Uno dei bravi lo apostrofa subito chiedendogli se lui ha intenzione di celebrare l'indomani il
matrimonio tra Renzo Tramaglino e Lucia Mondella, al che il curato si giustifica
balbettando che i due promessi hanno combinato tutto da sé e si sono rivolti a lui come un
funzionario comunale.
Il bravo ribatte che il matrimonio non dovrà esser celebrato né l'indomani né mai e don
Abbondio tenta di accampare delle scuse poco convincenti, finché l'altro figuro interviene
con parole ingiuriose e minacciose. Il compagno riprende la parola e si dice convinto che il
curato eseguirà l'ordine, facendo poi il nome di don Rodrigo, che riempie don Abbondio di
terrore: il curato fa un inchino e chiede suggerimenti, ma il bravo ribadisce l'ordine
impartito e intima al religioso di mantenere il segreto, lasciando intendere che in caso
contrario ci saranno rappresaglie.
Don Abbondio pronuncia alcune parole di deferenza e rispetto verso don Rodrigo, quindi i
due bravi se ne vanno cantando una canzone volgare, mentre il curato vorrebbe proseguire
il colloquio entrando in improbabili trattative. Rimasto solo, dopo qualche attimo di
sconcerto don Abbondio prende la strada che conduce alla sua abitazione.
TUTTE LE TRASGRESSIONI CHE VENGONO DOPO, VENGONO DALLA TRASGRESSIONE
DI QUESTO DIRITTO QUELLO DI SPOSARSI TRA DUE GIOVANI —> diritto fondamentale
che non si può negare, e da questa negazione nascono problemi che creano a sua volta
problemi e disgrazie.

Il curato, evidentemente, non è un uomo molto coraggioso e questa è una misera


condizione in tempi come quelli in cui gli tocca vivere, in cui la legge e la giustizia non
offrono alcuna protezione contro i soprusi.
Don Abbondio: personaggio che se esaminato bene è in realtà l’accusato principale di questo
romanzo. Dimostra vera e propria che la morale cattolica non veniva applicata nemmeno dai preti.

Le leggi non mancano e sono anzi sovrabbondanti, ma non vengono praticamente mai
applicate e l'impunità è profondamente radicata nella società: i malfattori trovano asilo nei
conventi, sono protetti dai loro padroni e dai privilegi nobiliari, cosicché le gride
minacciano pene che non trovano esecuzione e i delitti si moltiplicano. Gli uomini chiamati
a far rispettare le leggi sono impotenti, pavidi o spesso conniventi con i criminali che
dovrebbero contrastare, per cui accade non di rado che siano gli uomini onesti e tranquilli
ad essere perseguitati dalla giustizia. Alcuni si riuniscono in leghe, associazioni e
corporazioni, per scopi leciti o illeciti, ma queste non hanno sempre un grande potere e,
specie nelle campagne, un signorotto circondato da una masnada di bravi senza scrupoli
può esercitare un dominio quasi tirannico sul paese.

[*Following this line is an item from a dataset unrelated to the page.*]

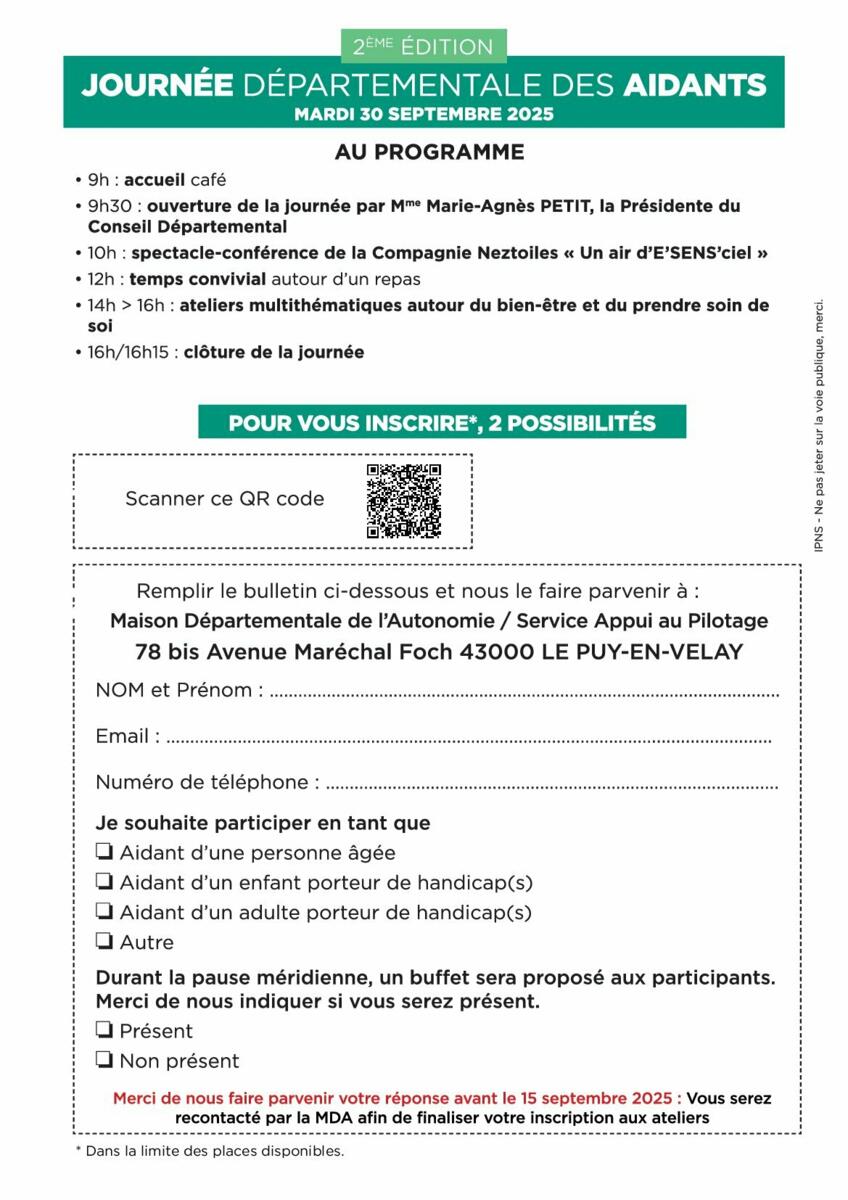 Nous avons le plaisir de vous faire parvenir le programme de la Journée Départementale des Aidants, 2ème édition, un événement essentiel dédié à la reconnaissance et au soutien des aidants auprès des personnes âgées ou des personnes en situation de handicap (enfant ou adulte) de notre département.

Don Abbondio non è ricco, né nobile, né coraggioso, quindi ha accettato volentieri in


gioventù di diventare prete come volevano i suoi genitori, non per sincera vocazione ma per
entrare in una classe agiata e dotata di alcuni privilegi. Non prende mai parte alle contese
e, se costretto a prendere posizione, si schiera sempre col più forte; deve ingoiare molti
bocconi amari e a volte sfoga il suo malanimo contro gli individui più deboli da cui non ha
nulla da temere, criticando sempre aspramente quei religiosi che si battono contro le
ingiustizie e le vessazioni. L'incontro coi bravi lo ha sconvolto e ora, mentre torna a casa,
pensa come uscire d'impiccio: dovrà dare spiegazioni a Renzo, che sa essere una testa
calda, e tra sé inveisce contro lui e Lucia che, a suo dire, hanno il torto di volersi sposare e
di metterlo nei pasticci. È irritato anche contro don Rodrigo, che conosce solo di vista e che
ha spesso difeso e definito un nobile cavaliere, ma contro il quale ora in cuor suo emette
giudizi assai meno lusinghieri. Mentre è immerso nei suoi pensieri, il curato giunge alla sua
casa in fondo al paese ed entra richiudendo subito la porta.